Task ID	Grid shape	Voxels	A100 status	A100 peak (GB)	A100 epoch (s)	H200 status	H200 peak (GB)	H200 epoch (s)	Speedup (H200/A100)
mp-1890579	56 × 56 × 1080	3.4 M	✅	10.50	1.65	✅	10.80	1.13	1.46×
mp-1849767	60 × 60 × 1120	4.0 M	✅	12.42	1.95	✅	12.80	1.28	1.52×
mp-1851604	60 × 60 × 1120	4.0 M	✅	12.42	1.93	✅	12.80	1.29	1.50×
mp-1862536	80 × 80 × 1024	6.6 M	✅	19.89	3.17	✅	20.56	2.19	1.45×
mp-1847208	1120 × 84 × 84	7.9 M	✅	23.89	3.87	✅	24.73	2.46	1.57×
mp-1936557	80 × 756 × 216	13.1 M	✅	39.09	6.47	✅	40.53	3.94	1.64×
mp-1850168	972 × 240 × 128	29.9 M	❌ OOM	—	—	✅	91.97	8.67	—
mp-1887804	320 × 320 × 320	32.8 M	❌ OOM	—	—	✅	100.55	111.10	—
mp-1889246	540 × 144 × 432	33.6 M	❌ OOM	—	—	✅	103.25	136.31	—
mp-1871122	360 × 360 × 360	46.7 M	❌ OOM	—	—	✅	131.65	303.15	—

bf16-mixed

Task ID	Grid shape	Voxels	A100 status	A100 peak (GB)	A100 epoch (s)	H200 status	H200 peak (GB)	H200 epoch (s)	Speedup (H200/A100)
mp-1890579	56 × 56 × 1080	3.4 M	✅	5.50	1.07	✅	5.50	0.70	1.53×
mp-1849767	60 × 60 × 1120	4.0 M	✅	6.50	1.27	✅	6.50	0.78	1.63×
mp-1851604	60 × 60 × 1120	4.0 M	✅	6.50	1.25	✅	6.50	0.78	1.60×
mp-1862536	80 × 80 × 1024	6.6 M	✅	10.40	1.94	✅	10.40	1.36	1.43×
mp-1847208	1120 × 84 × 84	7.9 M	✅	12.49	2.46	✅	12.49	1.51	1.63×
mp-1936557	80 × 756 × 216	13.1 M	✅	20.44	3.73	✅	20.44	2.64	1.41×
mp-1850168	972 × 240 × 128	29.9 M	✅	46.28	8.77	✅	46.28	5.12	1.71×
mp-1887804	320 × 320 × 320	32.8 M	✅	50.59	169.91	✅	50.59	109.60	1.55×
mp-1889246	540 × 144 × 432	33.6 M	✅	51.95	208.94	✅	51.95	135.30	1.54×
mp-1871122	360 × 360 × 360	46.7 M	❌ OOM	—	—	✅	71.90	188.83	—

Summary

Precision	A100 ✅	A100 ❌ OOM	H200 ✅	H200 ❌ OOM
f32	6 / 10	4 / 10	10 / 10	0 / 10
bf16-mixed	9 / 10	1 / 10	10 / 10	0 / 10

Key findings

H200 handles all 10 task IDs under both precisions — all A100 OOMs are resolved by the larger VRAM (139.8 GB).
H200 is consistently 1.4–1.7× faster per epoch across all grid sizes and precisions.

Files

scripts/benchmark_gpus.py -- Reads two JSON result files (one per GPU) produced by

hanaol · 2026-04-13T13:20:28Z

@claude review this PR

claude · 2026-04-13T13:21:01Z

Claude finished @hanaol's task in 1m 26s —— View job

Code Review: `scripts/benchmark_gpus.py`

Gather context
Read changed files
Review code and provide feedback

Overall this is a clean, well-structured comparison script.
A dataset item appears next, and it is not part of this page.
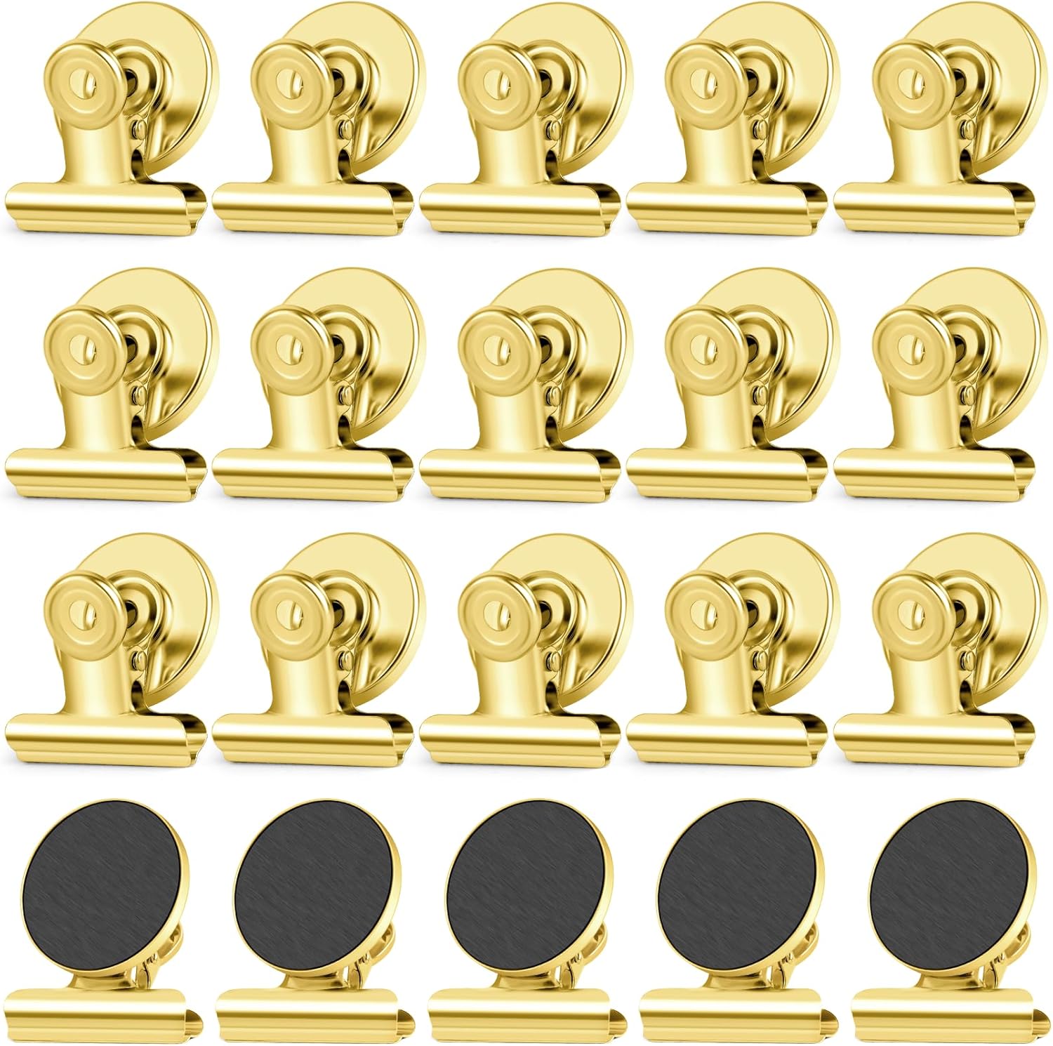 20 Pack Fridge Magnet Refrigerator Magnets, Gold Magnetic Clips Whiteboard Magnets, Magnet Clips Heavy Duty for Photo Displays, Home, Office, Classroom

A few issues to flag:

Bug: `--out` omitted silently discards output

scripts/benchmark_gpus.py:135-140

output = "\n".join(lines)

if args.out:
    args.out.parent.mkdir(parents=True, exist_ok=True)
    args.out.write_text(output)
# no else: print(output)

The module docstring says the default is stdout, but when --out is not passed the output is computed and thrown away — nothing is printed. Fix this →

Minor: Helper functions redefined on every loop iteration

scripts/benchmark_gpus.py:104-117

for tid in all_task_ids:
    key = (tid, prec)
    r1 = idx1.get(key)
    r2 = idx2.get(key)

    def status(r): ...
    def peak_gb(r): ...
    def epoch_s(r): ...

status, peak_gb, and epoch_s don't close over any loop variable — they're pure helpers that get re-created on every iteration of the outer for prec and inner for tid loops. Move them outside the loops (e.g. as module-level helpers or before the lines = [] block). Fix this →

Minor: Metadata table uses generic GPU labels

scripts/benchmark_gpus.py:78-81

a("| GPU | Model | VRAM |")
a("|-----|-------|:----:|")
a(f"| GPU 1 (reference) | {gpu1_name} | {gpu1_info['total_mem_gb']} GB |")
a(f"| GPU 2 | {gpu2_name} | {gpu2_info['total_mem_gb']} GB |")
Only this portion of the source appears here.